Lab 05 - Decision Trees

Author

Dr. Lucy D’Agostino McGowan modfied by Dr. Tyler George

Getting started

Go to our RStudio and create a new R project inside your class folder. Create a .qmd file for your lab.

YAML:

Now, make sure the author is your name, title is appropriate and then Render the document.

Packages

In this lab we will work with four packages: ISLR for the data, visdat to visualize the dataset, tidyverse which is a collection of packages for doing data analysis in a “tidy” way, and tidymodels for statistical modeling.

library(tidyverse) 
library(tidymodels)
library(ISLR)
library(visdat)

You may need to install the package to perform boosting. You can do this by running the following once in the console:

#install.packages("xgboost")
#install.packages("visdat")

Data

For this lab, we are using Carseats data from the ISLR package.

Exercises

Examine the Carseats data set using the visdat package. How many variables are there? What are the variable types? Is there any missing data?
Our outcome for this lab is Sales. Create a visualization examining the distribution of this variable.
Create a recipe to predict Sales from the remain variables. We are going to be fitting bagged decision trees, random forests, boosted decision trees, and penalized regression. Make sure to perform any preprocessing steps necessary for each of these models (i.e. normalizing the data, creating dummy variables, etc.). Add this recipe to a workflow.
Set a seed to 7. Fit a bagged decision tree estimating the car seat Sales using the remaining 10 variables. You may specify the parameters in any way that you’d like, but tune the number of trees (trees), examining 10, 25, 50, 100, 200, 300, and 1000 trees. Add this model specification to your workflow and fit the model to find the best parameters for a bagged decision tree.
Collect the metrics from the bagged tree and filter them to only include the root mean squared error. Fill in the code below to plot these results. Describe what you see.

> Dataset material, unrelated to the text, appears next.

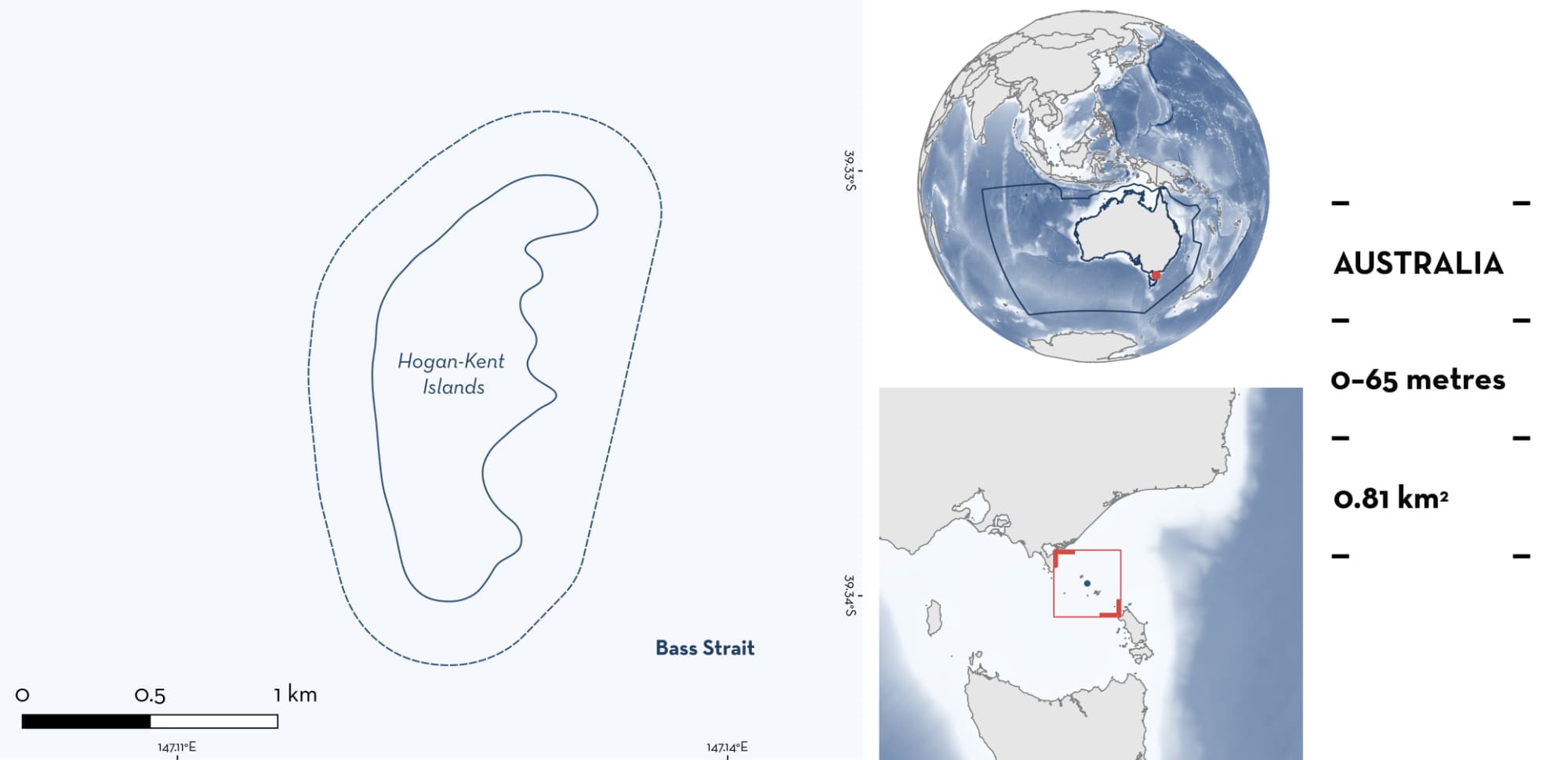Hogan-Kent Islands is located in northeast Bass Strait in southeast Australia. It is situated in th state of Tasmania, near the border with Victoria. The area encompasses a margin of a central ridge reef feature in between two groups of Islands – the Kent Group and the Hogan Group. The habitat is characterised by shelly substrate from scallop beds, sessile invertebrate habitats, rocky reef, and coarse shelly sand substrate (Barrett et al. 2021; University of Tasmania 2024; NESP 2025).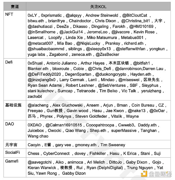 根據調研人群對各賽道關注 KOL 的列示,因為名單分散,不做集中度或詞頻分析,在此做分類整理列示,以供參考之用(可搜索使用)。

ggplot(---, aes(x = trees, y = mean)) + 
  geom_point() + 
  geom_line() + 
  labs(y = ---)

Update the model in your workflow to fit a random forest estimating the car seat Sales using the remaining 10 variables. You may specify the parameters in any way that you’d like, but tune the number of trees (trees), examining 10, 25, 50, 100, 200, 300, and 1000 trees.(See update_model)
Collect the metrics from the random forest tree and filter them to only include the root mean squared error. Using similar code as in Exercise 5, plot these results. Describe what you see.
Update the model in your workflow to fit a boosted tree estimating the car seat Sales using the remaining 10 variables. Specify the tree depth to be 1, the learn rate to 0.1, and tune the number of trees (trees), examining 10, 25, 50, 100, 200, 300, and 1000 trees.
Collect the metrics from the boosted tree and filter them to only include the root mean squared error. Using similar code as in Exercise 5, plot these results. Describe what you see.
Based on the exercises above and the number of trees attempted, which method would you prefer? What seems to be the optimal number of trees?
Update the model in your workflow to fit a penalized regression model using Elastic Net to estimate the car seat Sales using the remaining 10 variables. Use the following grid:

grid <- expand_grid(
  penalty = seq(0, 0.1, by = 0.01),
  mixture = c(0, 0.5, 1)
)

Collect the metrics from the penalized regression and filter them to only include the root mean squared error. Using similar code as in Exercise 5, plot these results. Describe what you see.
Which model is best as measured by both RMSE? Discuss.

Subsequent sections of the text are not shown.